?Remember when XTO tiptoed through the E&P tulips, picking billion-dollar bouquets? Remember when a dust cloud formed over northwestern Louisiana, kicked up by countless land-brokers chasing a dream called Haynesville?


Remember when big boys like Shell and BP and StatoilHydro plunked down billions to get a piece of North American shale plays, or when foreign nationals, such as KNOC and Itochu, sailed into the Gulf of Mexico for some action on the Shelf, or a slew of nimble private-equity-backed portfolio companies could flip a PUD faster than a pancake?


Seems like only yesteryear. Alas, where have all the dealmakers gone?

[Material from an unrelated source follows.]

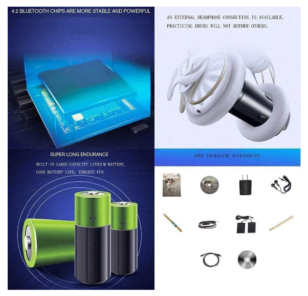 Sobre este artículo★【Calidad de sonido impactante】: la fuente de sonido del tambor de jazz, la batería y la posición del ymbal son precisos, el sonido del tambor es y el sonido ymbal es natural y claro, lo que inspira tu pasión continua por practicar la batería.★ El súper sonido puede ser comparable al tambor de jazz de alta calidad. La increíble calidad de sonido te da una sensación de audición sin igual.★【Material de silicona】: instrumento musical de silicona de grado alimenticio, sílice específica para instrumentos, respetuoso con el medio ambiente, seguro, certificado por instituciones profesionales. Impermeable, fácil de limpiar, simplemente limpia con un paño húmedo para restaurar la limpieza. Cómodo al tacto.★【Portátil, accesorios completos】: el tambor suave es portátil, plegable y ligero, ahorrando espacio. Practica la batería en cualquier momento y en cualquier lugar. El juego de batería plegable contiene una gran cantidad de accesorios, como cables USB, auriculares, baqueta, pedales dobles, etc.★【Conexión inteligente】: este tambor se puede conectar a un teléfono móvil, computadora o altavoz utilizando Bluetooth o línea de datos, compatible con múltiples plataformas. El modo de altavoz y el modo de auriculares se cambian a voluntad. Altavoces estéreo, ritmo y volumen son ajustables.

They are hunkered down as an economic hurricane ravages the landscape, a century storm unprecedented in the annals of recorded A&D. Since Lehman Brothers breached the levee last September that had been holding back a surge of financial-market fears, I’ve repeatedly heard, “This will get worse before it gets better.” Today, the mantra is unchanged.


So is there any hope of blue skies for oil and gas transaction engineers? It depends on which side of the eye wall you’re moored. Here is how I expect the A&D scenario to play out.


First, borrowing-base redeterminations will fling assets onto the market. With year-end reserve valuations crippled by collapsed commodity prices, E&Ps will see credit limits drop, and many will suddenly be noncompliant and needing cash. Unfortunately, lenders are still closed to new suitors.


Banks don’t want to own these assets and would rather implement a workout plan. But with federal SEC regulators hammered by Congress as being too lenient in the wake of bank collapses and Ponzi schemes, lenders will only bend so far to accommodate.


Overleveraged and cash-strapped producers’ only option will be to sell something fast. We’re already seeing this with Edge Petroleum and Delta Petroleum. This hurricane will whip up a lot of loose holdings.


Similarly, simple liquidity problems from cash flow that is now 75% lower than last summer are pinching some assets onto market. Exco Resources and Berry Petroleum are likely examples. Some, such as Hallwood Energy and Pacific Energy, have turned to bankruptcy courts to protect their assets from creditors.


Small independents with positions in shale plays will find severe capex cuts leaving large blocks of prime acreage exposed to lease expirations. This phenomenon will either result in hundreds of thousands of prime leasehold acres returned to mineral owners to sell again, or creative joint-venture deals in which the small-cap manages to partner with a well-capitalized and technologically superior big brother to beat the drill-it-or-lose-it deadline.


Others will be protected by shallow production, but without cash to drill the deeper, sweeter horizons. The JV will prevail, such as when Goodrich Petroleum farmed out its Haynesville position to Chesapeake. Better to have a small piece of pie than none at all.


Large-cap independents attempting to live within cash flow won’t be buffered from this reality, either. Having gobbled up vast swaths of acreage ahead of the unforeseen storm, many will be hard pressed to drill it on their own without access to the debt or equity markets. Noncore packages will come to market. Bigger JV offerings will let them retain core positions.


Depressed asset values will motivate some small and midsize public E&Ps with complementary assets to merge in no-cash, all-stock transactions to gain the advantage of a stronger balance sheet with more leverage in the financial markets. Cash-laden large independents will snatch up vulnerable companies or sizeable asset packages when they believe the valuations have reached the bargain basement.


Private-equity players will swoop in and save the day—eventually. At present, private-equity financiers are just as cautious as the rest of the market. About $30 billion is tucked safely away, by industry estimates, but that money is going to be timid and highly discretionary.


And then, with valuations at their lowest in a decade, a major or maybe a national oil company wanting more than a foothold in a prime play will buy a popular name or two—lock, stock and barrel. The prize will be too irresistible.


Will upstream A&D activity return to normal after the storm? Yes, but a new “normal,” with an appreciation that portfolios built on sunny days must be strong enough to weather hurricane forces.